The Good Times Are Over for Startups

Venture capital firms such as Sequoia Capital and Y Combinator are sounding the alarm for startup companies that the days of raising capital easily are over.

The well-known VC sent 250 founders a 52-slide presentation via Zoom on May 16, alerting them to a “crucible moment” as higher rates of inflation, volatility in the stock market and several geopolitical issues led to less certainty in the venture capital market. The presentation was seen by The Information.

Sequoia told the startup founders that there likely will not be a “swift V-shaped recovery like we saw at the outset of the pandemic,” and instead recommended that they evaluate their companies for costs that could be slashed.

“Don’t view (cuts) as a negative, but as a way to conserve cash and run faster,” Sequoia wrote.
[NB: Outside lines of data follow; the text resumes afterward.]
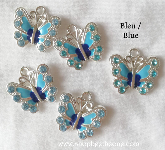 Breloque en émail Papillon argenté et strass assortis - 21 mm - trou 2 mm - 3 coloris disponibles
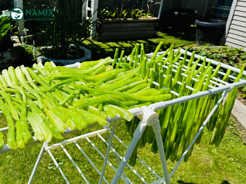 Một mẹo nhỏ được chia sẻ từ người trồng kinh nghiệm: “Nếu muốn rau tiến vua khô có màu đẹp, sau khi phơi nên để nguội hoàn toàn rồi mới đóng gói. Làm vậy rau không bị thâm và giữ hương vị lâu hơn.”
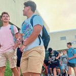 Leechburg Area High School seniors and friends Thomas Burke and Tino DeCapite on campus Wednesday on the first day of classes.
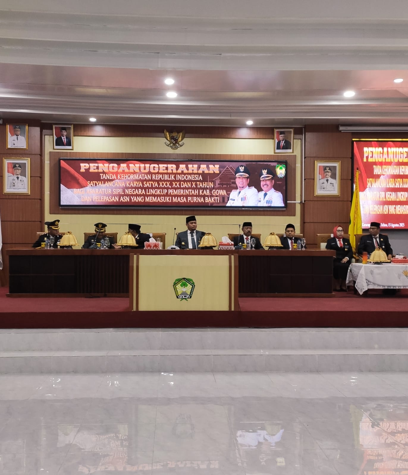 Sungguminasa - Selasa, 15 Agust 2023. Ketua Pengadilan Agama (Dr. Mukhtaruddin Bahrum, S.HI.,M.HI) dan beserta jajran forkopimda Kab. Gowa menghadiri acara Penganugerahan Tanda Kehormatan RI Bagi ASN Pemkab Gowa dan Pelepasan ASN yang Memasuki Masa Purna Bakti yang diadakan di Baruga Karaeng Galesong. Penganugerahan ini diberikan kepada ASN yang telah menunjukkan kesetiaan, pengabdian, kecakapan kejujuran, dan kedisiplinannya, serta bekerja terus-menerus sekurang-kurangnya 10 tahun, 20 tahun, dan 30 tahun.

A behemoth in the venture capital world, Sequoia, founded in 1972, has invested successfully in tech giants such as Google ((GOOGL)), Apple ( (APPL) ) and Uber ((UBER)) and other well-known companies that are used often by consumers such as AirBnb (ABNB), Stripe, Block (SQ) (formerly Square), Instagram ((FB)) and WhatsApp.

Sequoia, the Menlo Park, California-based VC firm who is not shy about alerting its portfolio companies that cutting back on costs is now a priority, gave a similar warning in 2020 called “Coronavirus: The Black Swan of 2020” and also gave a slide presentation in 2008 warning about the Great Recession and financial crisis that started with the housing market's meltdown entitled R.I.P. Good Times.

Another Grim Warning

The VC firm has made 76 investments so far this year, compared to a slower pace in the first half last year when it sunk money into 85 startups, according to Crunchbase data.

As of November 2021, the VC held $45 billion in public positions and during the past 15 years it has distributed $29 billion to its limited partners while investing $12.5 billion.

Y Combinator, a startup accelerator, also gave a grim warning to its companies last week

“No one can predict how bad the economy will get, but things don’t look good, ” the accelerator wrote in a letter that portfolio founders received called “Economic Downturn.”  “The safe move is to plan for the worst.” 

Softbank  (SFTBF)  said in May that it will change its criteria in choosing investments after reporting a loss of $27.7 billion on investments in its Vision Fund.

Large losses in the public market can lead to less capital in the venture capital world as limited partnership investors pullback.